И все же все это могло послужить только поводом, но никак не причиной перемены взглядов рабби Элиши; между верой и чувством справедливости как таковыми может и не быть никакой связи. Для того, чтобы пережить жестокость и лицемерие этого мира так, как пережил их он, нужно было обладать вполне определенным складом характера и души; сама же мысль о божественном равнодушии и всевластии зла была совсем не нова. Иеремия, которого рабби Элиша любил цитировать, писал: «Почему путь нечестивых благоуспешен и все вероломные благоденствуют? Ты насадил их, и они укоренились, выросли и приносят плод»[92]92
Иеремия 12:1.
[Закрыть]. Не найдя истины и справедливости на пути разрешенного, Элиша стал искать их на пути запретного. Впрочем, я думаю, что поначалу он просто хотел отомстить Тому, кто всегда молчит, за Его жестокость и равнодушие, за горечь безответной любви, за молчание, и только потом Элише стало казаться, что в субботних прогулках верхом, грустной греческой музыке и потных объятиях проституток может быть скрыт путь к утраченному дому и утраченной истине. Кстати, именно одна из них и дала ему новое имя; Элиша пришел к ней в субботу, и, узнав в нем одного из самых известных ученых своего времени, удивившись и немного испугавшись, она сказала ему: «А разве ты не рабби Элиша бен Абуйа?». Талмуд говорит, что он молча вырвал редьку из грядки и протянул ей. «Да, – сказала она, – ты и правда кто-то другой». Возможно, сказал я себе, она была единственной, кто его понял; а потом подумал, а разве тогда проститутки принимали своих гостей на грядках с редькой?
Мне было грустно думать о том, что в пустых, подернутых пеленой глазах продажных женщин, в их фальшивых стонах он пытался найти нечто, не сводимое к минутному удовольствию; думая о нем, я представлял себе их вяло отброшенные руки и зрачки, устремленные в потолок. А потом я подумал: а ведь они могли быть и другими – страстными, нежными или несчастными; и даже могли бы увидеть в его тонких чувственных губах некое смутное отражение своей собственной изломанной жизни.

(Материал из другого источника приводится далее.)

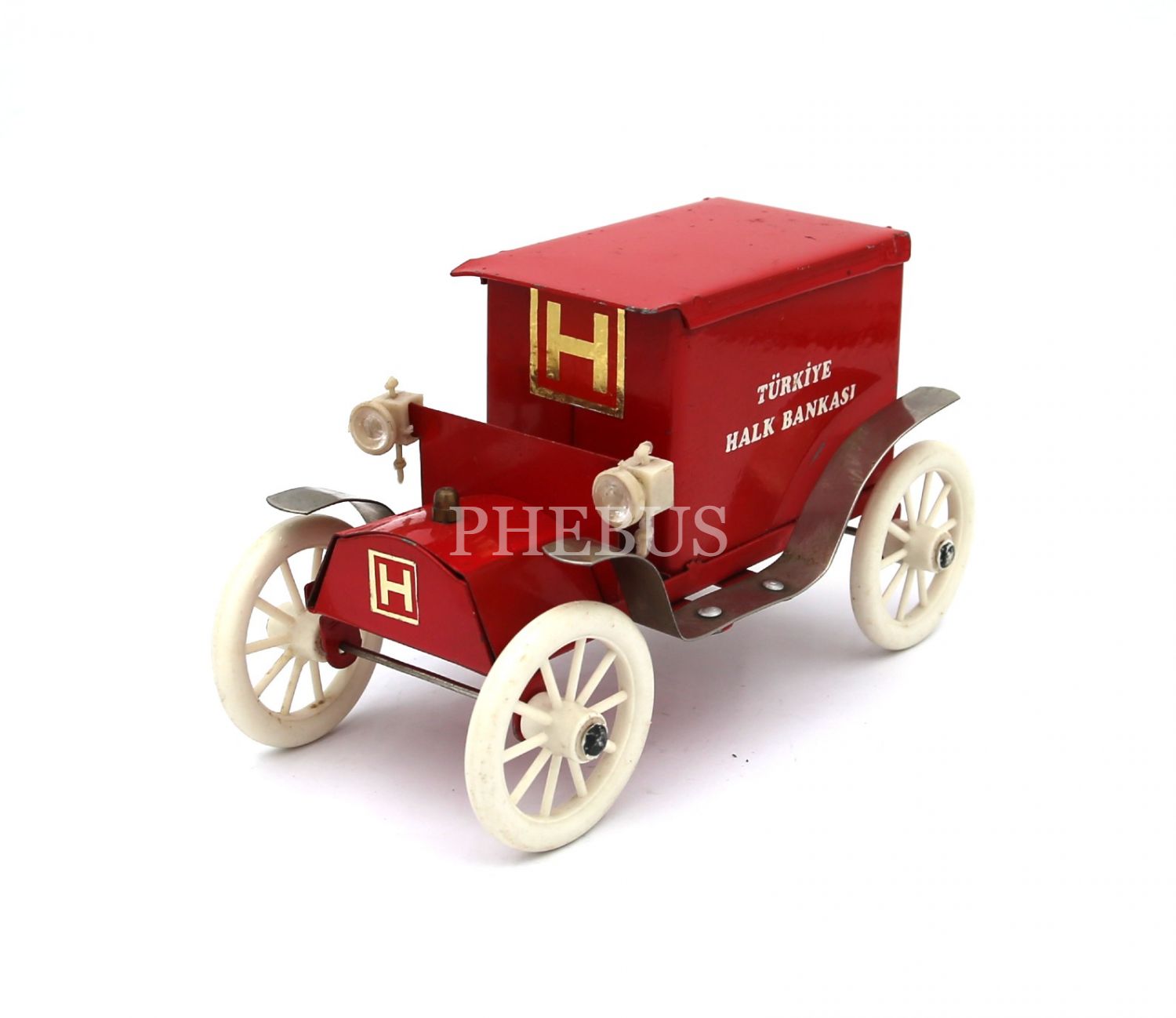 Türk Halk Bankası, otomobil formunda, metal kumbara, 9x18x11 cm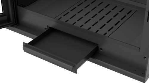 - Топка безопасна и удобна в использовании. Есть специальный съемник, который гарантирует что стекло не повредится во время сгорания сырья. Широкий пламяотбойник сохранит целостность дымохода при высокой нагрузке.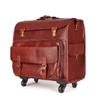 Mala de viagem personalizada retrô de couro genuíno, mala de viagem executiva masculina e feminina multifuncional de 20 polegadas com rodinhas universais

Возможно, что он спал с ними так же, как и напевал грустные греческие песни или читал прекрасные и бесполезные языческие книги[93]93
Вавилонский, «Хагига» 15:1–2.
[Закрыть] – ускользающие образы чувственности, гармонии и смерти. В любом случае это было совсем не тем, что он искал; ни одна из них не могла помочь ему скрыться от бессмысленного и безжалостного закона этого мира, от мутного потока существования, от всевластия несправедливости и лицемерия. Я думаю, что в глубине души он искал освобождения, способности противостоять бытию, чистого и бескорыстного разрушения, безжалостности, светящихся глаз, силы, мести и преодоления, но никак не горечи изгнания, отчуждения, одиночества. Он искал мир по ту сторону чувства вины – мир, который никакое нарушение заповеди, разумеется, не могло ему дать, поскольку нарушающий заповедь ее сохраняет. Он искал того надменного и безымянного, чьим воплощением для меня стала эта странная девка – Орвиетта.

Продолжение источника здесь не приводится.